Though many of the conclusions set forth mechanisms for progress, including the establishment of a cease-fire committee that is to meet regularly, few expect short-term changes on the ground in Libya as a sustainable resolution remains elusive. Still, in the days following the summit, observers have said Turkey’s increased involvement in the conflict acted as a catalyst for the European and international community to revisit developments in Libya.
Ankara, through agreements with the Tripoli government demarcating shared maritime boundaries in November and then with parliamentary approval of Turkish troop deployment to Libya earlier this month, has expanded its diplomatic clout in the nine-year conflict and has positioned itself as a key broker in developments moving forward.

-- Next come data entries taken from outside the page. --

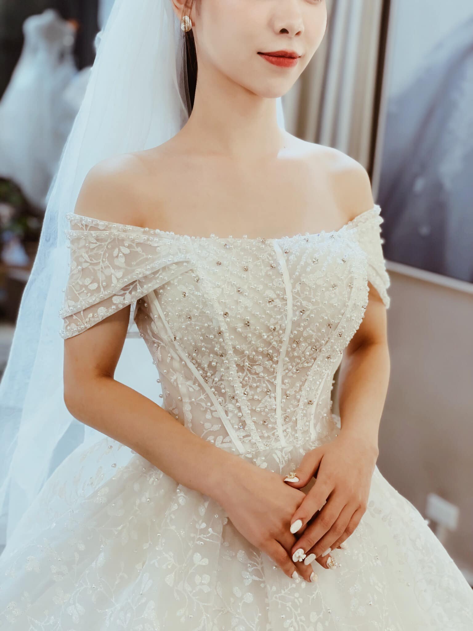 Với những dáng váy công chúa bồng xoè to, được sử dụng hoàn toàn chất liệu ngoại nhập kết hợp cùng kĩ thuật đính kết đá quý, pha lê cao cấp, mỗi chiếc váy của Fairytale Bridal đều được đánh giá cao về độ tinh xảo. Bên cạnh đó còn là kĩ thuật dựng form thân ngắn có nẹp eo corset tạo vòng eo con kiến “trong mơ” cho mỗi nàng dâu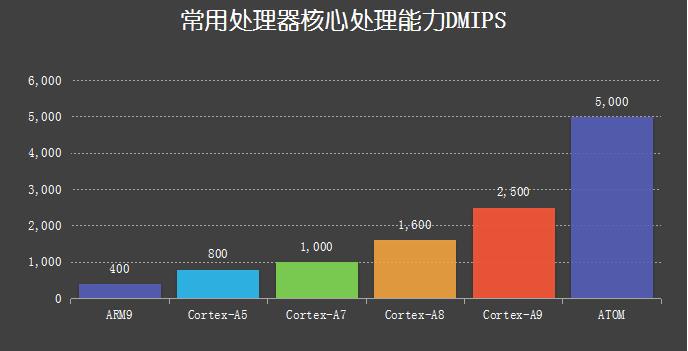 這位工程師朋友就是沒有考慮到處理器能力導致的,那么我們來看一下各種處理器平臺的處理能力,以便大家選型時參考,根據(jù)各種內(nèi)核平臺的單周期處理能力,以及各種內(nèi)核平臺常見主頻級別綜合評估,大約處理能力如下圖: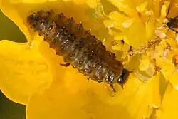 Hydrothassa marginella is a common and widespread species, active between the months of mid-April and August.[1] It has various host plants, especially buttercups.[2] Adults overwinter in grass tussocks.[1]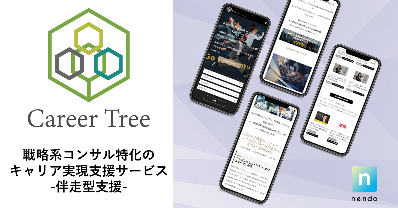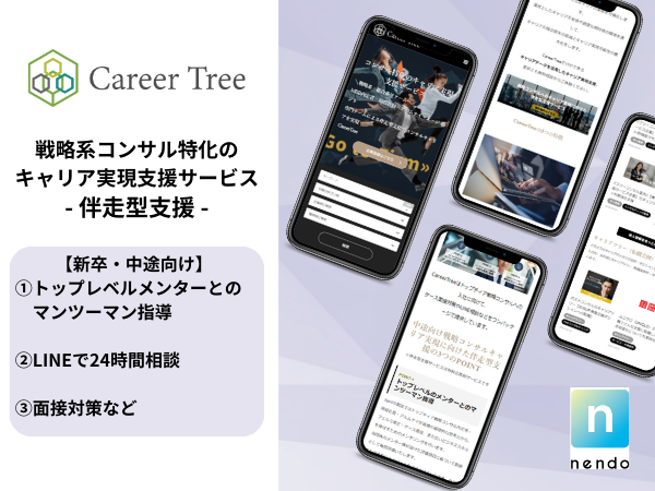 ①「CareerTree」: 戦略コンサルティングファームへのキャリアを実現するためのケース面接対策などのメンタリングサービスと、就職/転職/副業支援サービス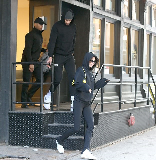 Те заложиха на спортни изцяло черни дрехи, докато държаха главите си наведени надолу, за да попречат на папараците да направят перфектните снимки.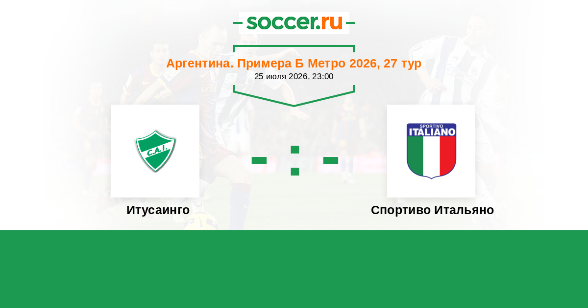 Аргентина. Примера С Метро 09.05.2021 Итусаинго Логотип футбольный клуб Итусаинго 0:2 Логотип футбольный клуб Спортиво Итальяно (Буэнос-Айрес) Спортиво Итальяно

In recent months, Turkish officials have increasingly supported the UN-recognized Government of National Accord headed by Prime Minister Fayez al-Sarraj in Tripoli against an offensive launched in April 2019 by eastern Libya commander Khalifa Hifter.
Sinem Adar, a research associate at the German Institute for International and Security Affairs in Berlin, said Ankara has multiple interests in its logistical and material backing of the Government of National Accord, including territorial and energy claims in the eastern Mediterranean, political alignments and economic incentives in the form of prewar Turkish debt.
Adar told Al-Monitor that the summit has helped Ankara buy further time to keep the Government of National Accord intact, adding, “One can perhaps argue that the summit for Ankara is a short-term gain, in this respect.”